Pasca Kasus Uang Palsu, Rektorat UINAM Larang DEMA Terlibat PBAK: Ketakutan atau Strategi?

MAKASSAR, SUARA TERKINI NEWS – Suhu politik kampus UIN Alauddin Makassar kembali meninggi. Pasca kasus dugaan peredaran uang palsu yang menyeret nama civitas akademika, Dewan Eksekutif Mahasiswa (DEMA) UINAM mengaku dilarang Rektorat untuk ikut serta dalam penyambutan mahasiswa baru (PBAK).
Larangan itu segera memantik pertanyaan: apa yang sesungguhnya ditakuti Rektorat?

Presiden Mahasiswa UINAM menyebut keputusan Rektorat tidak terlepas dari ketakutan akan isu-isu sensitif yang bisa menyeruak di hadapan mahasiswa baru. Setidaknya, ada beberapa hal yang disebut menjadi momok bagi pimpinan kampus:

  1. Spanduk Kritikan. Rektorat disebut alergi pada kritik. Kemunculan spanduk berisi narasi perlawanan mahasiswa kerap dianggap ancaman, bukan ekspresi intelektual.
  2. Kasus Uang Palsu. Rektorat diduga tak ingin luka lama kembali disinggung. Bagi DEMA, justru transparansi atas kasus ini penting demi menjaga wibawa kampus.
  3. Surat Edaran 3652. Aturan yang membatasi ruang aspirasi mahasiswa itu dinilai sebagai pembungkaman demokrasi. Rektorat dituding takut jika edaran ini dipersoalkan terbuka.
  4. Ajakan Berorganisasi. Kekhawatiran lain, mahasiswa baru akan dikenalkan dengan organisasi intra kampus. Padahal, menurut DEMA, organisasi adalah ruang pembelajaran penting di luar kelas.
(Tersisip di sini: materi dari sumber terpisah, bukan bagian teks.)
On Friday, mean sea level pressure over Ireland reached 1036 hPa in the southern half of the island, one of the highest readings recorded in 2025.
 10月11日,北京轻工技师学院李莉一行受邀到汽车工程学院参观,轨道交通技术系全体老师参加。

Dalam pernyataannya, DEMA UINAM menyodorkan lima sikap tegas:

  1. Mendesak Rektor menjadwalkan ulang PBAK khusus DEMA agar mahasiswa baru bisa mengenal organisasi intra kampus.
  2. Mendesak aparat hukum mengaudit anggaran PBAK yang selama ini gelap dari publik.
  3. Menuntut transparansi seluruh anggaran kampus demi mencegah penyalahgunaan dana mahasiswa.
  4. Meminta Rektorat mencabut atau meninjau ulang Surat Edaran 3652.
  5. Menegaskan posisi DEMA sebagai benteng terakhir demokrasi kampus dan kebebasan akademik.
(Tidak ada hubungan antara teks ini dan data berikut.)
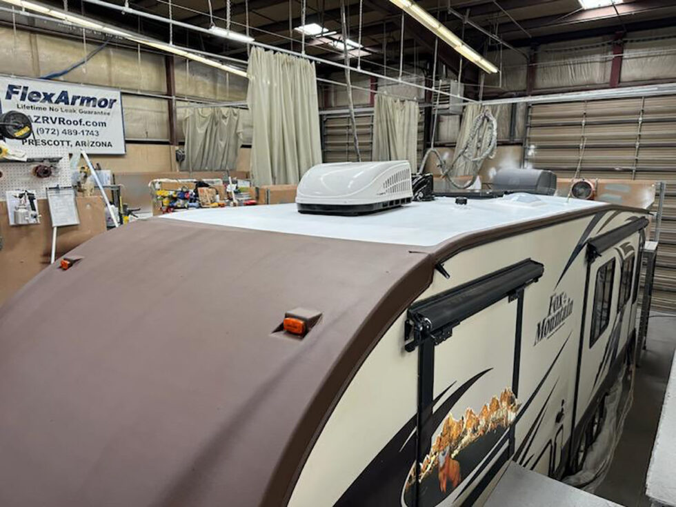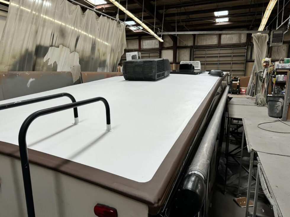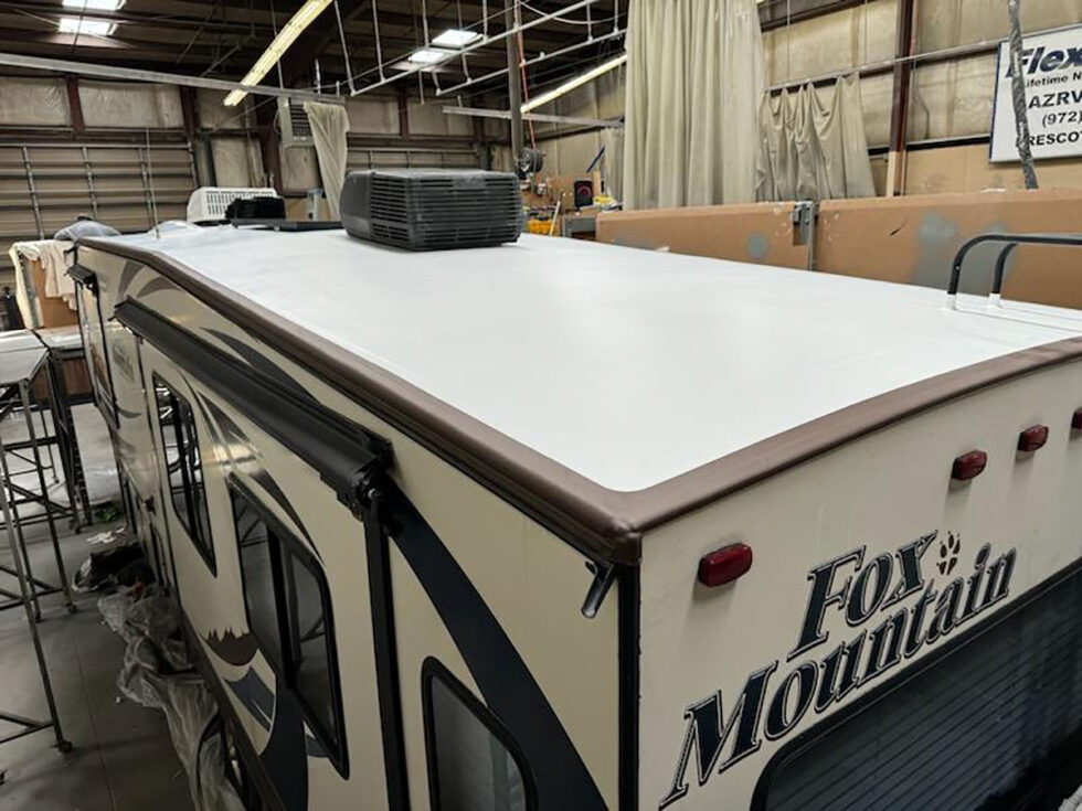 2013 Northwood Fox Mountain Special Project Work done on this special project: • Partial membrane removal • Prepped & sprayed front nose cap • Customer opted for the radius package Search for: Bumper Pull RV Roof Repair Class A RV Roof Repair Class C RV Roof Repair Fifth Wheel RV Roof Repair Truck Camper Roof Repair Special Projects Return to Special Projects Gallery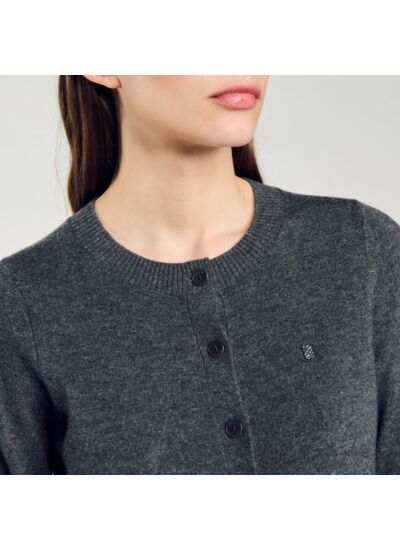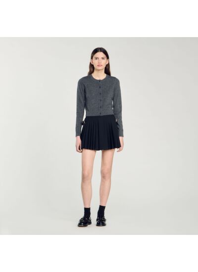 Cardigan court en maille composée de laine et de cachemire, muni d'un col rond, de manches longues et orné d'une puce Sandro ton sur ton.

“Rektorat tidak bisa terus menerus menutup ruang demokrasi. Jika suara mahasiswa dibungkam, maka UIN Alauddin kehilangan ruh intelektualnya,” kata pengurus DEMA dalam keterangan resminya.

Pernyataan ini menjadi peringatan keras. Mahasiswa menegaskan tak akan diam melihat pembungkaman yang dinilai sistematis. Pertanyaannya kini: apakah Rektorat benar-benar menjaga ketertiban, atau sekadar menyembunyikan borok yang enggan dibuka?